66% of insurance professionals feel FCA BI case has reduced trust in sector

CII-member-survey-shows-trust-in-sector-deminished-by-FCA-BI-Test-Case

Two-thirds of insurance professionals feel the FCA’s business interruption case has reduced trust in the sector, according to a Chartered Insurance Institute poll.

A social media survey of 142 of the professional body’s members in September showed 29 per cent feel the FCA case resulted in the public’s trust in insurance being greatly reduced and 39 per cent thought it somewhat reduced the faith consumers have in policies paying out when needed.

Keith Richards, Chief Membership Officer of the Chartered Insurance Institute, said: “Consumers continue to value transparency and clarity as integral to trusting services and their providers. The poll results show how pragmatic insurance professionals are about the role of trust in their relationships with consumers and how important it is tied to not just their actions but the actions of everyone involved in the market.

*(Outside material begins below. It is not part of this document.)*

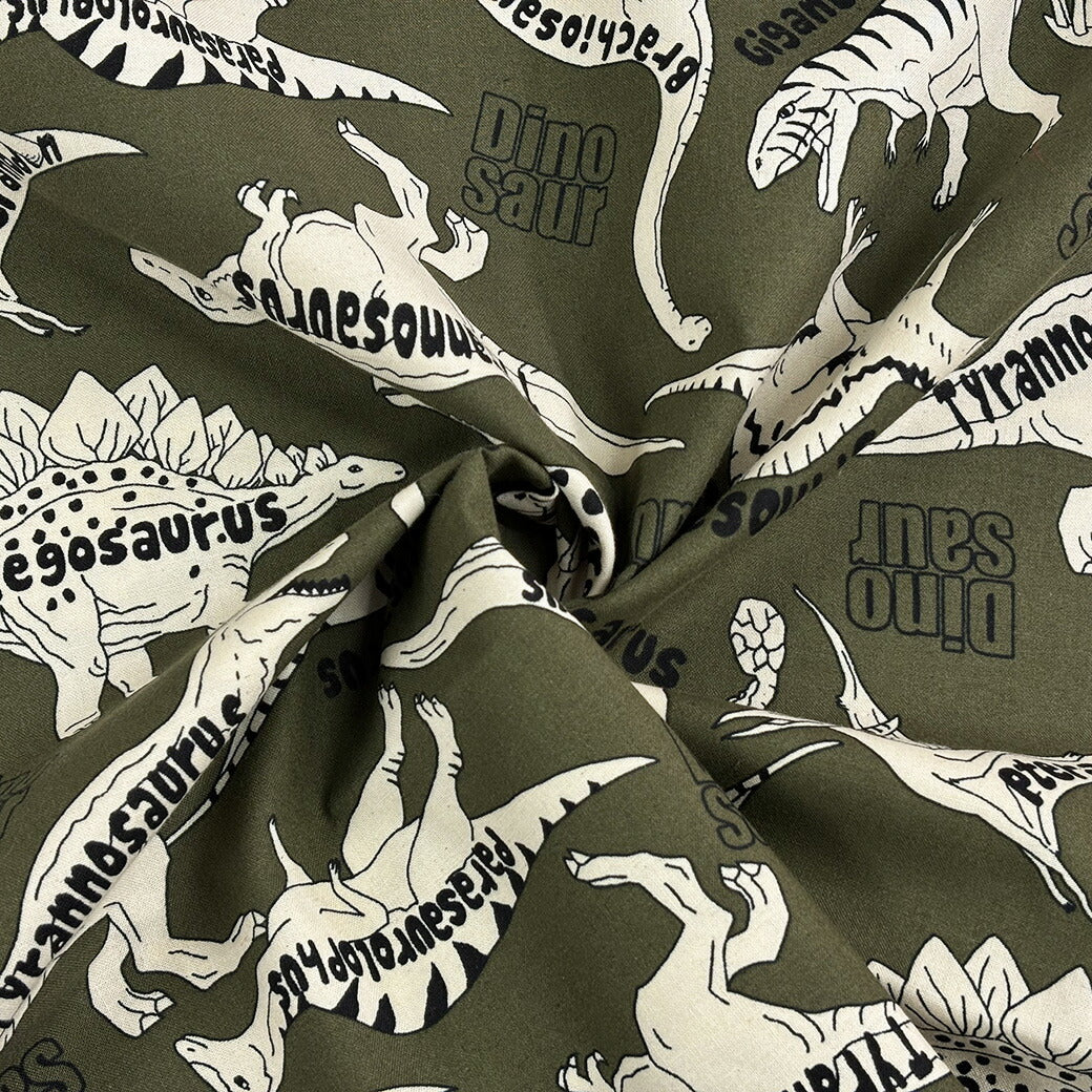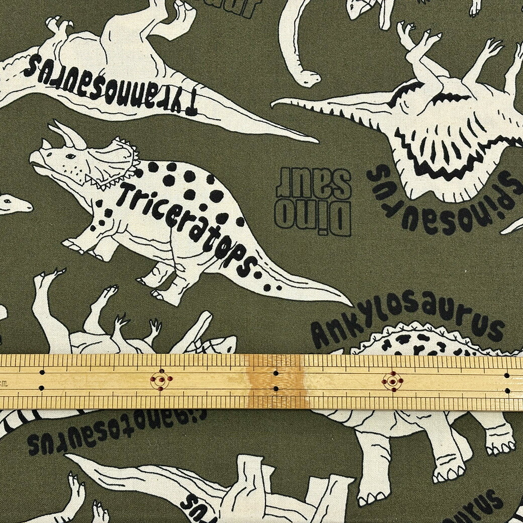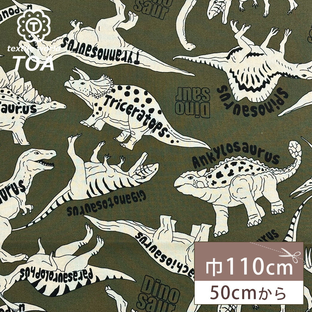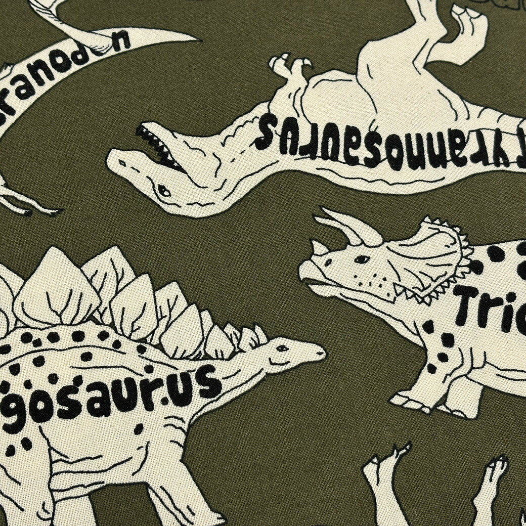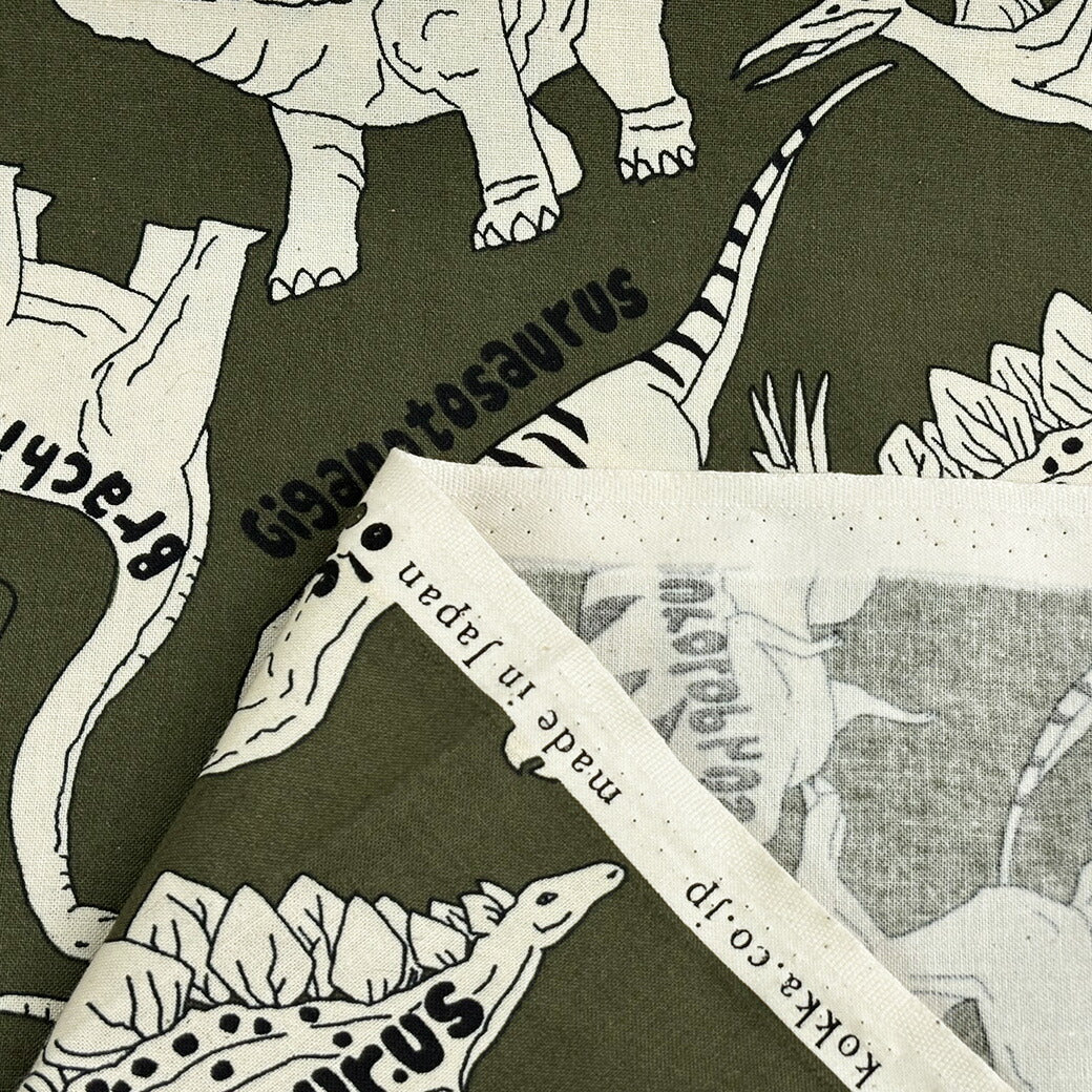 生地 【 MONOTONE SCHOOL カーキ 】 KOKKA シーチング 綿生地 綿プリント コットン 綿100% Museum 恐竜 恐竜柄 ダイナソー トートバッグ エコバッグ ポーチ 巾着 インテリア カバーリング

“Since the FCA test case was announced we have set out a clear blueprint as to how insurers could respond to the situation, predicated on settling claims outside of the courts where possible, looking towards improving clarity standards in product governance and looking to the future, supporting a comprehensive look at the role insurance can play in future pandemics, and where government liability needs to be introduced.

“We are pleased to see many of these actions have been followed, and we hope that the recent judgement will be a catalyst for the sector to take further action, where it is needed.”

The professional body has urged the profession to focus on three areas of activity:

  • Product governance processes, including gaining greater clarity on product wordings. Where the same words and phrases are used in different contracts, there should be a consensus among professionals about what those terms mean, so that consumers can be reassured that two policies that look the same on paper cover the same risks.
  • Improve advice processes (and non-advised buying processes) to help clients understand both the insurable and non-insurable risks they face, and what they can do about each one.
  • Establish an approach to pandemics and other systemic risks that clearly sets out the scope of government intervention. If the government clarifies the risks it is prepared to cover, the market can be clear on how it will cover the risks that it is capable of covering.